The choices are; Sophos, Trend, McAfee, Kaspersky, Exit this menu and Reboot the PC.

You can choose to go to each menu item and just download the needed files or you can
download the files and perform a scan in Normal Mode. Once you have downloaded the files
needed for each scanner you want to use, you should reboot the PC into Safe Mode [F8 key
during boot] and re-run the menu again and choose which scanner you want to run in Safe
Mode. It is suggested to run the scanners in both Safe Mode and Normal Mode.

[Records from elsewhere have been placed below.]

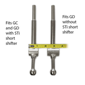 NOTE: If you have the accessory STi short shifter assembly (you can identify by the gold colored shafts, and by the narrower-width pivot) on your 2004-2007 Impreza/WRX, you'll need the GC (1997-2001) version of this short shifter. If you don't know, take your console apart and look at, and measure the shifter pivot point! See photo of what the shifters look like.
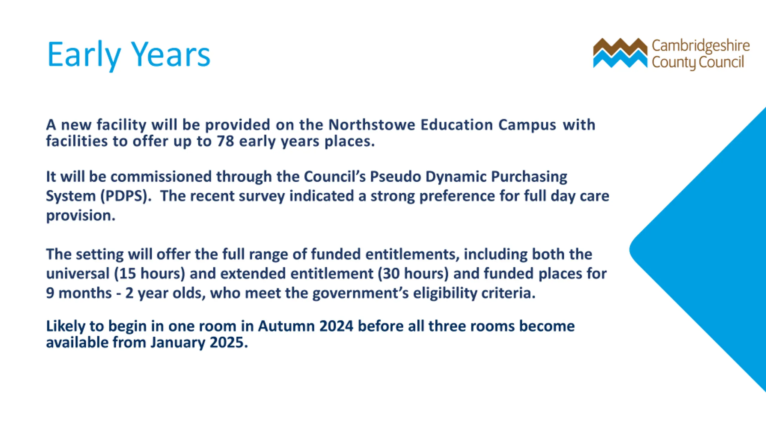 Early Years A new facility will be provided on the Northstowe Education Campus with facilities to offer up to 78 early years places. It will be commissioned through the Council s Pseudo Dynamic Purchasing System (PDPS). The recent survey indicated a strong preference for full day care provision. The setting will offer the full range of funded entitlements, including both the universal (15 hours) and extended entitlement (30 hours) and funded places for 9 months - 2 year olds, who meet the government s eligibility criteria. Likely to begin in one room in Autumn 2024 before all three rooms become available from January 2025.
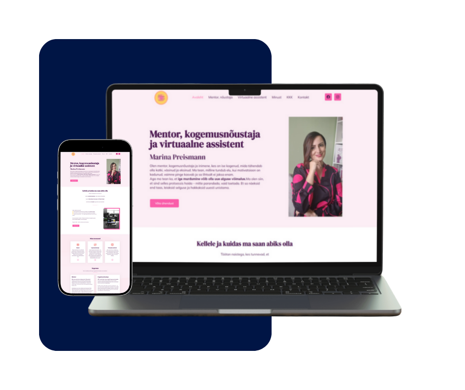 - Kliendile suunatud sisu: tekstid ja ülesehitus on loodud nii, et need toetavad mentori ja virtuaalassistendi teenuste tutvustamist ning kutsuvad külastajat ühendust võtma.

When the menu is displayed hitting 'H' or 'h' will bring up a more comprehensive PDF help
file. http://www.ik-cs.com/multi-av.htm


* * * Please report back your results * * *

 

[Yves Leclerc]

My laptop had a critical error yesterday, upon restarting it said it had just
recovered from a serious error. I sent the report to microsoft who informed
me i had a virus, which was only "visible" in safe mode. I'd need to restart
in safe mode and run the protection scan from safety.live.com. I've done
that, but it says i'm clean. Should I just ignore this problem? Or is there
something I'm missing?

Get a true "anti-virus" software package and install it to the hard drive.
I've seen systems where te "so called" on-line anti-virus scanners failed to
detect the virus that had infested the PC. AVG and avast! both have "free"
downloadable versions of the anti-virus software. It has all the
detection/cleaning functionality in them.

 

[David H. Lipman]

From: "Yves Leclerc" <[email protected]>


|
| Get a true "anti-virus" software package and install it to the hard drive.
| I've seen systems where te "so called" on-line anti-virus scanners failed to
| detect the virus that had infested the PC. AVG and avast! both have "free"
| downloadable versions of the anti-virus software. It has all the
| detection/cleaning functionality in them.
|

I am losing faith in both AVG and AVAST !
The following is a report on a well known Downloader Trojan that BOTH AVG and AVAST failed
to detect !

AntiVir 6.33.0.61 12.13.2005 TR/Dldr.TComBil.L.1
Avast 4.6.695.0 12.13.2005 no virus found
AVG 718 12.08.2005 no virus found
Avira 6.33.0.61 12.13.2005 TR/Dldr.TComBil.L.1
BitDefender 7.2 12.13.2005 Trojan.Downloader.Agent.UF
CAT-QuickHeal 8.00 12.13.2005 TrojanDownloader.Vidlo.y
ClamAV devel-20051108 12.12.2005 Trojan.Small-152
DrWeb 4.33 12.13.2005 Trojan.DownLoader.5869
eTrust-Iris 7.1.194.0 12.13.2005 Win32/SillyDL.9760!Trojan
eTrust-Vet 12.3.3.0 12.13.2005 Win32/DlWreck.S
Ewido ?? 12.13.2005 TrojanDownloader.Agent.uf
Fortinet 2.54.0.0 12.12.2005 W32/Agent.UF!tr
F-Prot 3.16c 12.12.2005 security risk named W32/Downloader.KZW
Ikarus 0.2.59.0 12.13.2005 Trojan-Downloader.Win32.Agent.UF
Kaspersky 4.0.2.24 12.13.2005 Trojan-Downloader.Win32.Vidlo.y
McAfee 4648 12.12.2005 Downloader-AAP.b
Microsoft ?? 12.13.2005 no virus found
NOD32v2 1.1320 12.12.2005 Win32/TrojanDownloader.Agent.NDD
Norman 5.70.10 12.13.2005 W32/DLoader.NNC
Panda 8.02.00 12.13.2005 Trj/Downloader.GTG
Sophos 4.00.0 12.13.2005 Troj/Agent-UF
Symantec 8.0 12.13.2005 Download.Trojan
Trend Micro 103 12.13.2005 TROJ_YABE.F
TheHacker 5.9.1.054 12.13.2005 no virus found
VBA32 3.10.5 12.13.2005 Trojan-Downloader.Win32.Agent.uf


Kaspersky and NOD32 are far better suggestions. Thes is NO free lunch !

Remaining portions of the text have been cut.